• _Given data_:
BEGIN

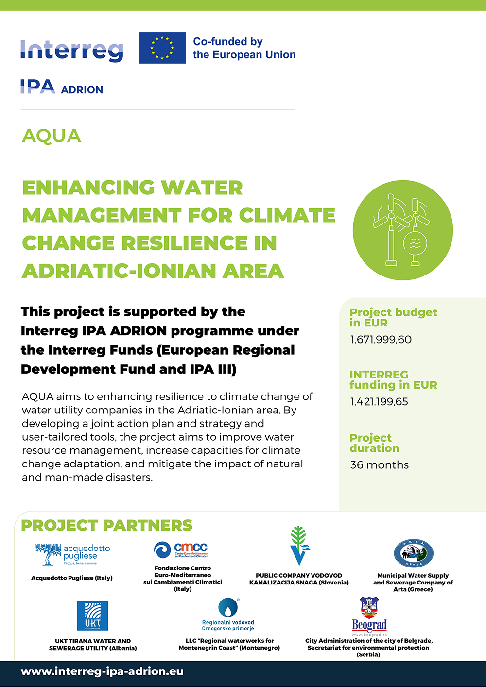 Il progetto, della durata di 36 mesi (settembre 2024 – agosto 2027), rientra nel programma Interreg IPA ADRION 2021–2027 e ha come obiettivo il miglioramento della resilienza dei servizi idrici dell’area adriatico-ionica rispetto ai cambiamenti climatici, attraverso lo sviluppo di strategie integrate e strumenti digitali avanzati – in particolare i Digital Twin, modelli virtuali che possono essere usati per simulare e prevedere il comportamento di sistemi idrici reali.
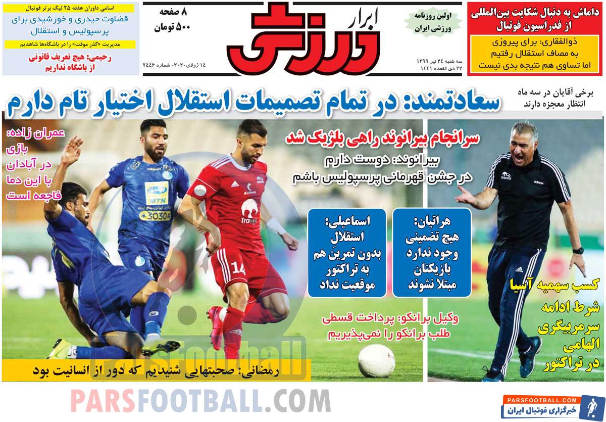 عناوین روزنامه ابرار ورزشی سه شنبه ۲۴ تیر ماه به شرح زیر است :
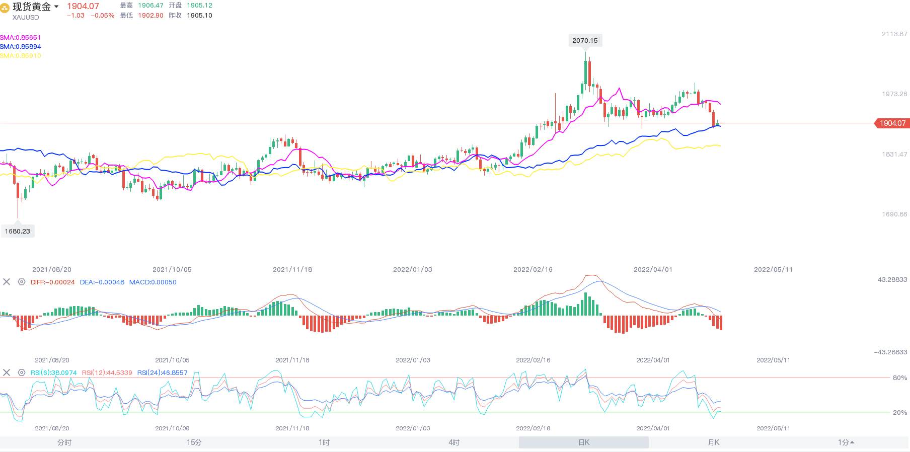 周二,现货黄金在1900美元关口附近震荡,盘中一度突破1910美元/盎司,收涨0.3%,报1905.24美元/盎司;现货白银亚盘上行受阻,随后震荡下行,收跌0.39%,报23.51美元/盎司。
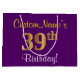 Elegant, Purple, Faux Gold 39th Birthday + Name Large Gift Bag

END

• _Task statement_:
Copy out the data verbatim, excluding the pictures.

• _Solution to this problem_:
 Il progetto, della durata di 36 mesi (settembre 2024 – agosto 2027), rientra nel programma Interreg IPA ADRION 2021–2027 e ha come obiettivo il miglioramento della resilienza dei servizi idrici dell’area adriatico-ionica rispetto ai cambiamenti climatici, attraverso lo sviluppo di strategie integrate e strumenti digitali avanzati – in particolare i Digital Twin, modelli virtuali che possono essere usati per simulare e prevedere il comportamento di sistemi idrici reali.
 عناوین روزنامه ابرار ورزشی سه شنبه ۲۴ تیر ماه به شرح زیر است :
 周二,现货黄金在1900美元关口附近震荡,盘中一度突破1910美元/盎司,收涨0.3%,报1905.24美元/盎司;现货白银亚盘上行受阻,随后震荡下行,收跌0.39%,报23.51美元/盎司。
 Elegant, Purple, Faux Gold 39th Birthday + Name Large Gift Bag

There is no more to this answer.